Our boys knew they were beaten the day the schedule was released, and that’s exactly how it looked from the stands through the eyes of a man who knows next to nothing about the X’s and O’s of this beautiful game. I don’t know what plays were called in what type of offense, but I’ve done enough giving up to clearly recognize that.

So what if they lost last night? Or if they lose them all? These boys are hopefully becoming men and last night’s lesson on the basketball court will give them the bricks to build the sort of character we all need in our homes, lives, and society. Or not. It can also just be the first of many pointless losses. The team gets to decide.

There’s a cool book called Choke, by Chuck Palahniuk, that ends like this:

“Paige and I just look at each other, at who each other is for real. For the first time. We can spend our lives letting the world tell us who we are. Sane or insane. Saints or sex addicts. Heroes or victims. Letting history tell us how good or bad we are. Letting our past decide our future. Or we can decide for ourselves. And maybe it’s our job to invent something better.

In the trees, a mourning dove calls. It must be midnight.

And Denny says, “Hey, we could use some help here.”

Paige goes, and I go. The four of us dig with our hands under the edge of the rock. In the dark, the feeling is rough and cold and takes forever, and all of us together, we struggle to just put one rock on top of another.
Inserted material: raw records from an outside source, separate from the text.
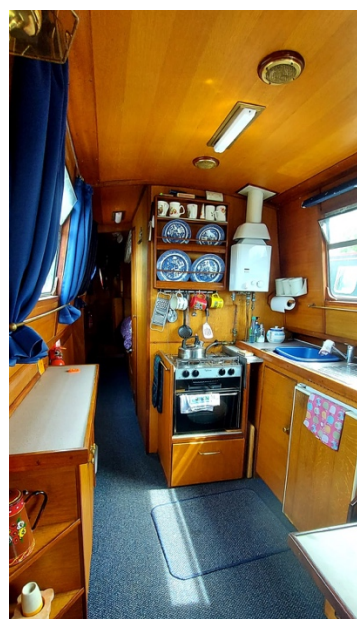
▲ Galley facing aft
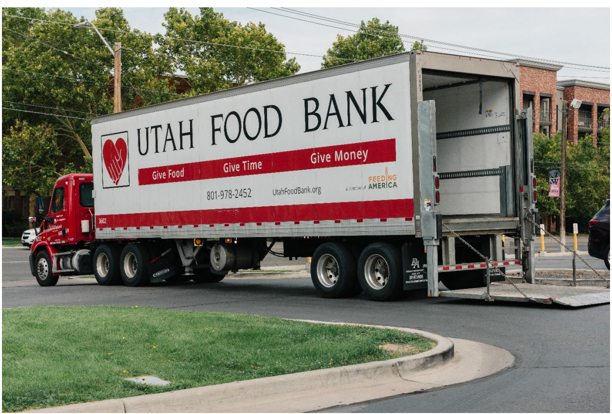
The Food Bank Truck delivered the gaylords to put all the cases of macaroni and cheese inside
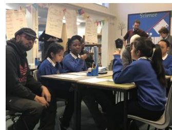
Key Stage 2
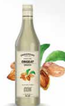
Orgeat Syrup Line 750ml
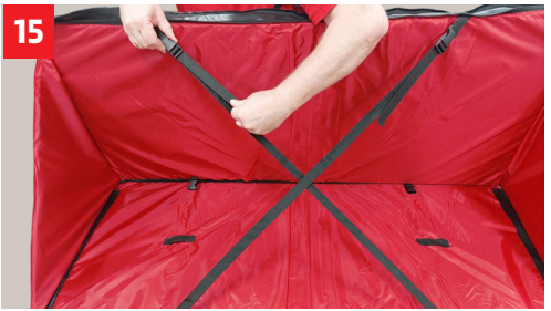
After attaching the second strap it should create and "X." Be sure straps are tight to give the most support.
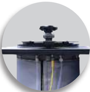
Air-tight tank opening and blowing system.
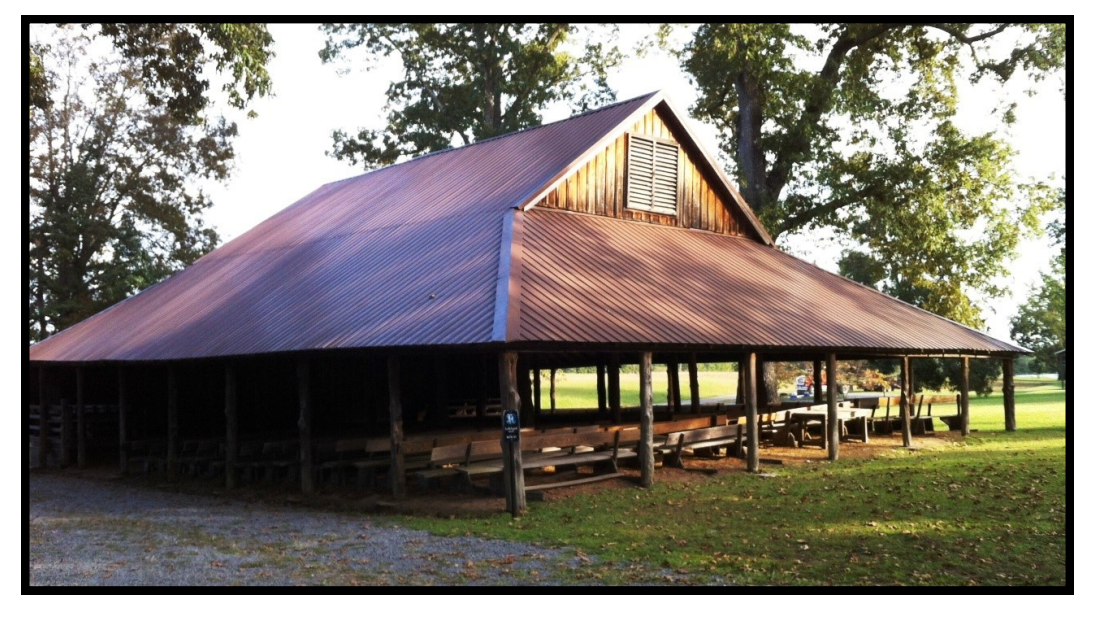
Sunday to Friday — June 20-25, 2021
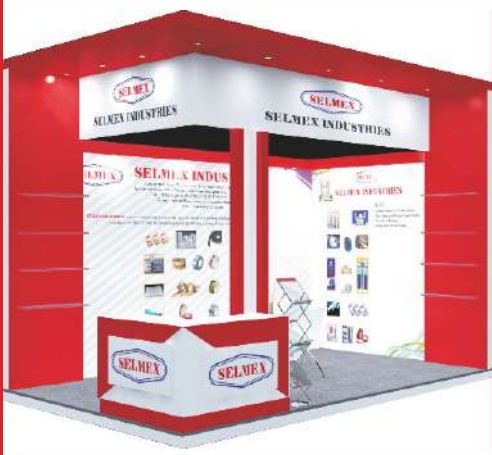
Packaging & Bonding Solutions

It’s creepy, but here we are, the Pilgrims, the crackpots of our time, trying to establish our own alternate reality. To build a world out of rocks and chaos.

What it’s going to be, I don’t know.

Even after all that rushing around, where we’ve ended up is the middle of nowhere in the middle of the night.

And maybe knowing isn’t the point.

Where we’re standing right now, in the ruins in the dark, what we build could be anything.

-end-”

I can’t wait to see what they will build.